Mascherine chirurgiche e riciclaggio:
Quali soluzioni ci saranno nel 2026?

Dall’inizio della pandemia, la mascherina chirurgica è diventata un simbolo paradossale: protegge la nostra salute, ma rappresenta un problema per l’ambiente.
Ogni giorno vengono bruciate o seppellite milioni di mascherine, il che contribuisce a generare un’enorme montagna di rifiuti. Tuttavia, la questione del riciclaggio ha smesso da tempo di essere un tema secondario: è diventata una questione fondamentale per la salute pubblica e la sostenibilità.
Oggi non basta più limitarsi a chiedersi: «Dove devo gettare la mia mascherina?». Dobbiamo ampliare la nostra prospettiva: come possiamo ridurre l’impatto ambientale?, quali soluzioni innovative possiamo mettere in pratica? E, soprattutto, come possiamo trasformare questa sfida in un’opportunità?
È proprio questo l’argomento che analizzeremo ora, sulla base dei nostri impegni in materia di RSI e delle innovazioni sostenibili di Medicom, azienda francese leader nel settore dei DPI.
Cosa imparerà leggendo questo articolo:
- L’enorme impatto ambientale delle mascherine monouso in Francia e nel mondo.
- Le misure concrete in materia di riciclaggio e gli ostacoli attuali alla loro attuazione.
- Esempi di riciclaggio che danno nuova vita al polipropilene.
- Alternative affidabili: mascherine riutilizzabili certificate, innovazioni di origine biologica.
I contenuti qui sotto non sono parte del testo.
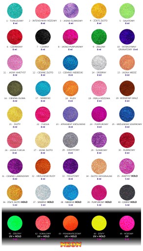 5 - KOLORÓW NEONOWYСH ( UV-EFEKT , 4 z podanych kolorów również mają dodatkowo efekt holograficzny )
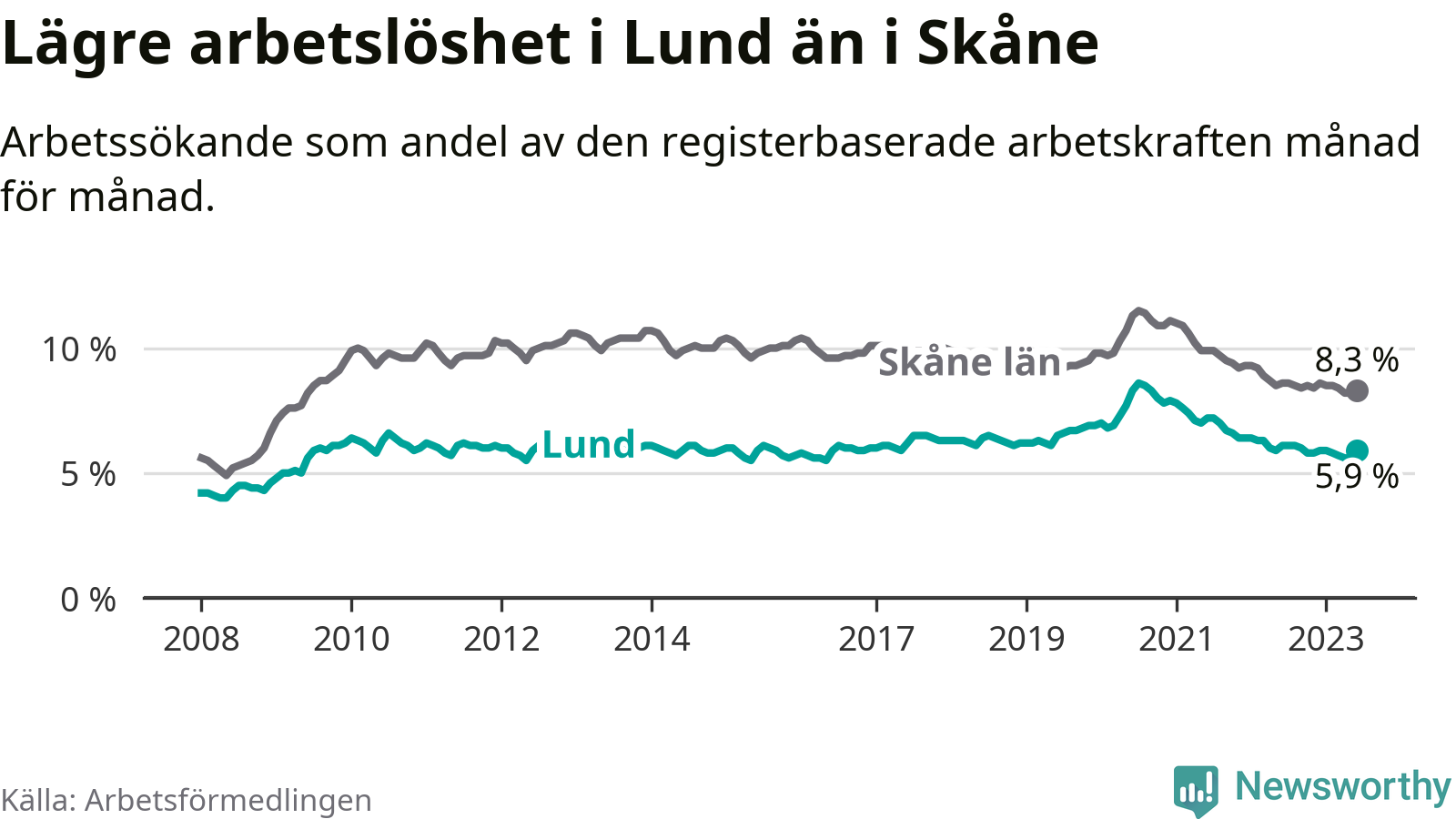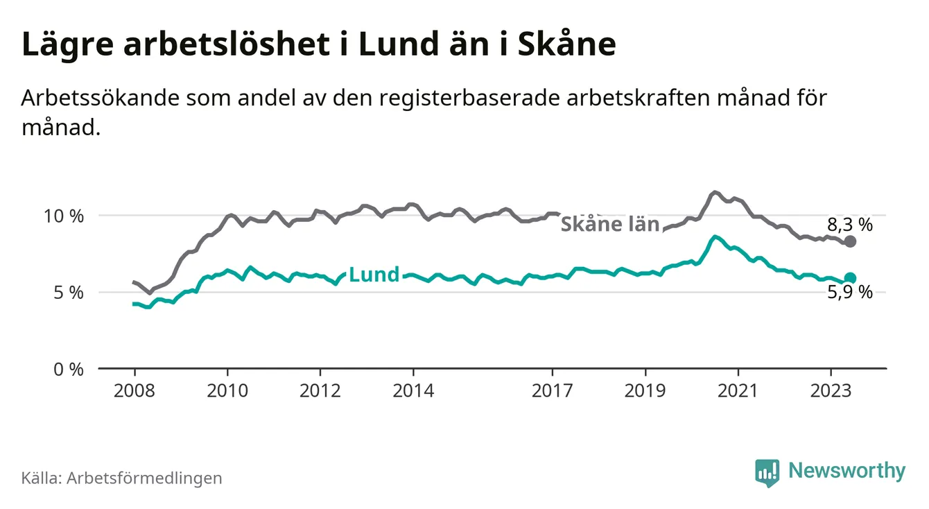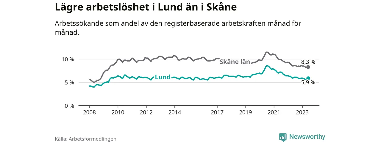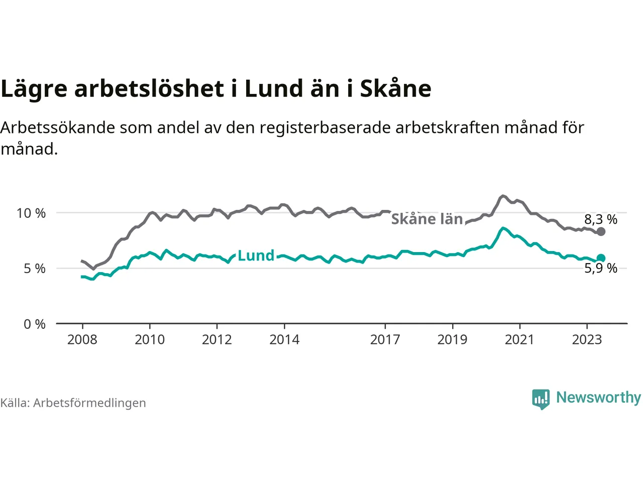 Det är 27:e månaden i följd som arbetslösheten i Lund är lägre än den var under samma tidpunkt året innan. Sedan mars 2021 har arbetslösheten gått ner från 7,4 till 5,9 procent.
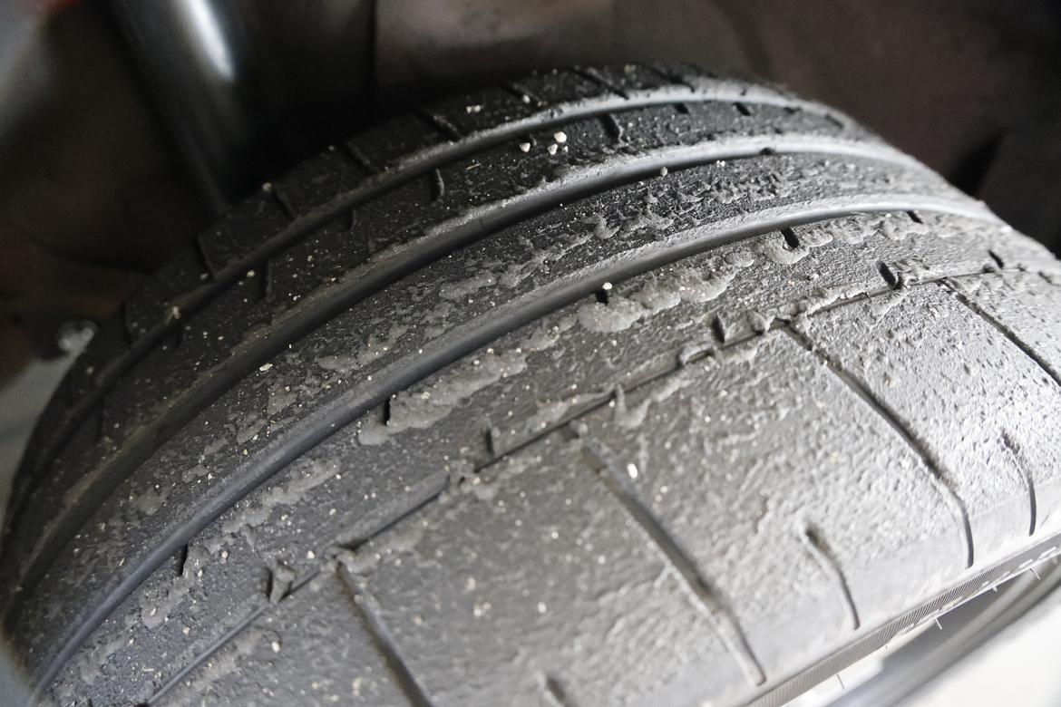 The track surface at Pitt Race proved to be particularly punishing on tires, for both the Mustang and our BMW 435i. Before the Mustang’s next big road trip, we’ll have to fit some fresh rubber. The wear is even across the face, but there just isn’t much tread left.
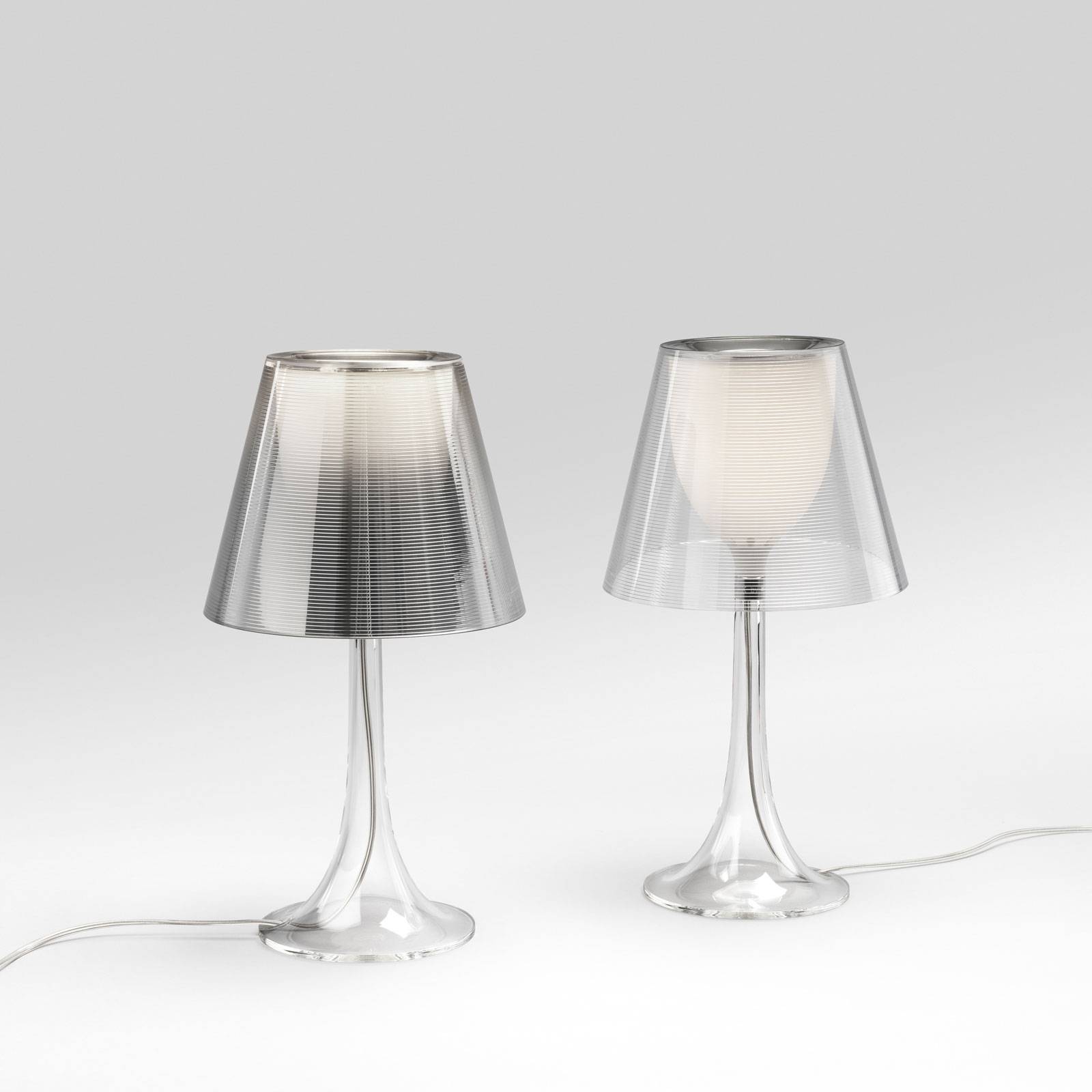 Miss K – elegantná dizajnová stolová lampa so stmievačom Táto stolová lampa je vysokokvalitným doplnkom pre moderne zariadené obývacie izby a salóny. Ponúka šikovnú symbiózu nadčasovej základnej formy a atraktívnych detailov. Konkávne zakrivená základňa je vyrobená zo vstrekovaného plastu PMMA. Žiarovka E27 (nie je súčasťou balenia – pozri príslušenstvo) je umiestnená v difúzore z opálového polykarbonátu, ktorý je modelovaný ako pohár otvorený v hornej časti. Najmä pri zapnutom svetle sa javí ako svetelná vnútorná guľa. Ten je obklopený vonkajším tienidlom v tvare nadčasového zrezaného kužeľa. Tu sa používa priesvitný polykarbonát, ktorý je aluminizovaný v špeciálnom vákuovom procese, čím získava jemnú štruktúru. Zásuvný kábel je vybavený stmievacím spínačom, ktorý umožňuje zapínanie a vypínanie stolnej lampy a reguláciu svetelného výkonu. Miss K je návrh francúzskeho architekta a dizajnéra Philippa Starcka, ktorý je medzinárodne známy mnohými výtvormi v oblasti interiérového dizajnu. Stolnú lampu vyrába talianska spoločnosť FLOS, ktorá sa vyznačuje jednoduchým a rafinovaným dizajnom, ako aj modernými materiálmi a výrobnými technikami.

- Le soluzioni e le iniziative di Medicom per un futuro più sostenibile.
Come vengono raccolte e riciclate le mascherine
oggi?
Lo smaltimento di una mascherina usata non è affatto semplice. Le istruzioni per il pubblico sono chiare: non gettatele mai nel contenitore per la raccolta differenziata.
Le mascherine devono essere riposte in un sacchetto chiuso e successivamente smaltite insieme ai rifiuti domestici. Si tratta di una procedura rigorosa, ma indispensabile, per ridurre al minimo il rischio di infezione da eventuali agenti patogeni che potrebbero ancora essere presenti.
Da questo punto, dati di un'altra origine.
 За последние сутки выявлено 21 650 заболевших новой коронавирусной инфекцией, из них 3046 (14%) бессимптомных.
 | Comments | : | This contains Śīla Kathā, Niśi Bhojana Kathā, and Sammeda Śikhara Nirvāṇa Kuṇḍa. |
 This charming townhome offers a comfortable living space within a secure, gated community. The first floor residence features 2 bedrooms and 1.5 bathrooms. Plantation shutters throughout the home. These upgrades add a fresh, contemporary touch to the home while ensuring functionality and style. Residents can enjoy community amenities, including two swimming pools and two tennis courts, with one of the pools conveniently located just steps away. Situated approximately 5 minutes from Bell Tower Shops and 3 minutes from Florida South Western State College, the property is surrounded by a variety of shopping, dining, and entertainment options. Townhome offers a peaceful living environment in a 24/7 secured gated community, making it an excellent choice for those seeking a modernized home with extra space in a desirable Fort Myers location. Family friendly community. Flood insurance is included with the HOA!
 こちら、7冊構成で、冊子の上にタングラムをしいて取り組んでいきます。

Nei luoghi di lavoro e negli spazi pubblici si osserva una tendenza crescente all‘installazione di appositi punti di raccolta. Queste strutture consentono di raccogliere grandi quantità di mascherine ed evitano che queste rimangano sparse sul pavimento. Una volta raccolte, le mascherine vengono solitamente sottoposte a un processo articolato in diverse fasi:
Riciclaggio sotto forma di granulato di plastica, pronto per l’impiego in nuove linee di produzione.
- Quarantena per eliminare ogni residuo rischio virale.
- Disinfezione mediante sterilizzazione o trattamento termico.
- Smontaggio dei componenti: rimozione degli elastici e delle graffette metalliche.
- Triturazione e riciclaggio del polipropilene.

Negli ospedali, le mascherine sono classificate come rifiuti sanitari infettivi: devono essere raccolte in contenitori chiusi e, successivamente, incenerite ad alte temperature o, meno frequentemente, sterilizzate prima di essere destinate al recupero energetico.
Qual è il problema principale? I costi esorbitanti del trattamento (che, secondo le previsioni, oscilleranno tra i 1 500 e i 3 000 euro per tonnellata nel 2025, il che rappresenta un multiplo dei costi di trattamento dei rifiuti plastici convenzionali, che si aggirano intorno ai 400-500 euro per tonnellata), insieme alla mancanza di un’adeguata infrastruttura di selezione. In altre parole: sebbene il riciclaggio esista, rimane limitato, costoso e tutt’altro che diffuso.
In sintesi: sebbene la raccolta e il trattamento delle mascherine chirurgiche siano fattibili, tali attività continuano a richiedere un quadro normativo nazionale ben strutturato, nonché innovazioni, affinché possano essere realizzate su larga scala.

Esempi pratici di creazione di valore
Se una mascherina chirurgica viene raccolta e riciclata correttamente, è possibile dare una nuova vita al suo materiale principale: il polipropilene. Una volta triturato e trasformato in granuli, può essere riutilizzato in una vasta gamma di settori.
Ecco alcuni esempi illustrativi:
- Oggetti di uso quotidiano: righelli, appendiabiti, custodie per ombrelli e persino siringhe.
- Materiali isolanti utilizzati nell’edilizia per ridurre il consumo energetico.
- Tessuti tecnici, come l’abbigliamento da lavoro o sportivo, realizzati con fibre rigenerate.
- L’industria automobilistica, in cui si utilizza polipropilene riciclato per la produzione di cruscotti e paraurti.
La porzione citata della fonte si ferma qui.